I got a good night’s sleep. Up early enough to have a strategic breakfast and a run to the pharmacy to get power gel and some pedialite, which is used for babies who are dehydrated. I got to the courts early enough to stretch, do my dynamic warmups and some visualizations.
This match went much more comfortably. My opponent was an aggressive player so the points were not as long. My preparation paid off and even though I fell behind 3-1, I settled in, played smartly and ran off five games for a 6-3 first set. His game came up a bit and I, again, got a little off by future tripping, thinking that I was going to get through in straight sets. He went up 3-0. Today, though, was different. I was aware of my counterproductive thinking and got back on track. Although the 3-0 lead was too big a hole to climb out of entirely, I managed to get even at 4-4. It can take a lot of energy to come back in a set and I was just a bit fatigued, my focus faltered slightly as, again, I thought of the finish line. I dropped serve. He had an easy game at 5-4 and we were off to a third set. Again a tiebreaker. We both played aggressively and I took a 6-3 lead and, again, that insidious thought “I’ve got it” slipped in. 6-6 in a blink. Back and forth, good play, hard play to 8-8. He served a good one, I made a shaky return but, feeling the pressure, he missed a volley. At 9-8 I put in a good serve, I came in and he missed the pass. Victory! Great feeling. Big improvement over the day before.
My mission includes that “every match is one in which I learn and grow.” I learned that even those rituals that were part of my game in the past had been at rest for two years. That these were habits out of which I had fallen. I would need to practice these pre, during and post match rituals again until they become a part of me. No habit can survive without repetition.
Most of all, what this return to competition gave to me was that recognition that I still love it.
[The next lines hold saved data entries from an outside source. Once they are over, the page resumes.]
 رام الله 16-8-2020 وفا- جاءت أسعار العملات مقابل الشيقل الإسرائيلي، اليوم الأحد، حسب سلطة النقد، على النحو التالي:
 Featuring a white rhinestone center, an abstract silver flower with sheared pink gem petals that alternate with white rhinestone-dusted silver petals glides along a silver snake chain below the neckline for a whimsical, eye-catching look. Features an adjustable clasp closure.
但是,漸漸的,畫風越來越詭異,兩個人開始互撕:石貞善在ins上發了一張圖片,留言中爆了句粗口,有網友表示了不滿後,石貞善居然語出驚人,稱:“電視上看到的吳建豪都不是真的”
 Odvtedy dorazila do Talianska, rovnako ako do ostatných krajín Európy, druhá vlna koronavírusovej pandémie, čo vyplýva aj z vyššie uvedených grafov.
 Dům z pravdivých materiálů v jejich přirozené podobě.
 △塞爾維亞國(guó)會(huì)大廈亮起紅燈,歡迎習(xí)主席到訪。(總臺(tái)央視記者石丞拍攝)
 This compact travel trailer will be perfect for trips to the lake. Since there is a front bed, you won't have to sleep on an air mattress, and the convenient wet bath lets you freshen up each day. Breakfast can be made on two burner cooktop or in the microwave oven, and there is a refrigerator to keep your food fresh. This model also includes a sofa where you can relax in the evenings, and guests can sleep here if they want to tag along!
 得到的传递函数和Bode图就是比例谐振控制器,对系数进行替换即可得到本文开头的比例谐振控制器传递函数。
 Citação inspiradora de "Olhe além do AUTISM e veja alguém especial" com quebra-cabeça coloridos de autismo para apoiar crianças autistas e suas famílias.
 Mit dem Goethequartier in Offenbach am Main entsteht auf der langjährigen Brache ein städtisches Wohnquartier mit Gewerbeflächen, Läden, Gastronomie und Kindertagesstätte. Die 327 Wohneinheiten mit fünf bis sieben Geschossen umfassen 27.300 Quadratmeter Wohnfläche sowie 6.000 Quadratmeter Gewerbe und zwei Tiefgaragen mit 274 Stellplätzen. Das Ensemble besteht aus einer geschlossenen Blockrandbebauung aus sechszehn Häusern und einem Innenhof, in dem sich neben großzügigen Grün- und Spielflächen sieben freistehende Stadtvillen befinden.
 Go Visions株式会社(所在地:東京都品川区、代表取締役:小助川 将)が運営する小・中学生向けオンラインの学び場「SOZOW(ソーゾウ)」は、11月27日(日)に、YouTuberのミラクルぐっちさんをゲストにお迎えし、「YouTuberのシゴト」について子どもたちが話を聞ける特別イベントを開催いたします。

The challenges of needing to reach deeply, to problem solve, to stay optimistic, to fight when it feels like I have nothing left, to refuse to lose, to ignite the right emotions, to revel in the obstacles, to welcome the adversity, to stumble and get up, to push myself beyond the ordinary. These experiences push me and pull me. They expand me. Each piece is one that takes me farther up some mountain, one that will have rewards about which I am not even aware.
The difficult days of the last few years strengthened me to the point where, at least for these couple of days, a weak physical was not as powerful as the strong spirit that has grown within me.
I now have two weeks to prepare for my favorite event, the National Grass Court Championships. It will be played at the historic West Side Tennis Club in Forest Hills, NY. It is time to rededicate myself to my rituals. To eat well, exercise daily, hydrate, to access hope-filled emotions, maintain focus, to stay in the present and to continue deepen my spirt though acceptance of what is in the moment, non-judgment of others, detachment from positions of right vs wrong and forgiveness of myself for my inability to be perfect.